The Kummistu Cemetery was established in the middle of the 19. century. The oldest remaining tombstone is dated Oct 20, 1851 (Ingel Baio (Paju). The cemetery on a small hill was in use for half a century, until the surrounding lowland area was full. The new cemetery in Pühalepa at the Suuremõisa-Kerema road was opened in 1900 and is still in use. The area of the Kummistu Cemetery is 0.56 ha.
There are approximately 400 tombstones preserved and approximately 1300 (1269) burial sites here. The latest tombstone is dated March 5, 1924 (Ann Liik). Most of the grave sites are abandoned. Besides the tombstones, the limestone gateposts (0.8 x 0.8 m) located at the west and east entrances are also noteworthy. There is also a large, several meters high cross, made of railway ties by the pastor Sengbusch (the pastor in Pühalepa 1822−1877) with a writing PÖHHELEPPE KIRIKOAIDA ja ВОСПИТАННИКИ К [ОМИССАРОВСКОГО ТЕХНИЧЕСКOГО УЧИЛИЩА]. Meaning PÜHALEPA’s CHURCHYARD. (Half of the letters are lost. The writing on the vertical beam marks the donors – pupils of the technical school of Petersburg, who’s headmaster was the son of the pastor Johannes von Sengbusch. The year used to be on it as well, but it has also been lost).

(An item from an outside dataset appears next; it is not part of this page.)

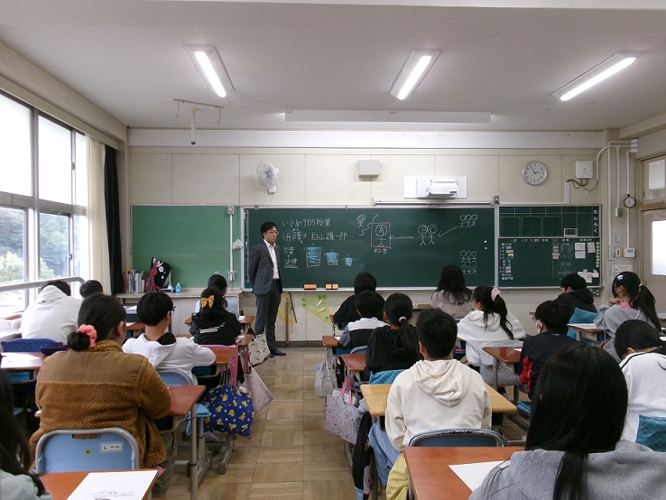 授業では、実際に起きたいじめの事例をもとに、いじめとはどんなものなのか、なぜだめなのか、お話をしていただきました。

Only peasants are buried in Kummistu Cemetery. The only distinguished people who are buried here would be the family members of the pastor Alexander von Sengbusch. Their graves are located in the southwest corner of the cemetery.
The Kummistu Cemetery represents a good cross section of the community of that time period – there are parish clerks, innkeepers, cabinetmakers, a church organist and many good country folk and tradesmen, squatters, the parish poor, etc.
The side road leading to the Cemetery and the Cemetery itself were restored by the Pühalepa community in 2016.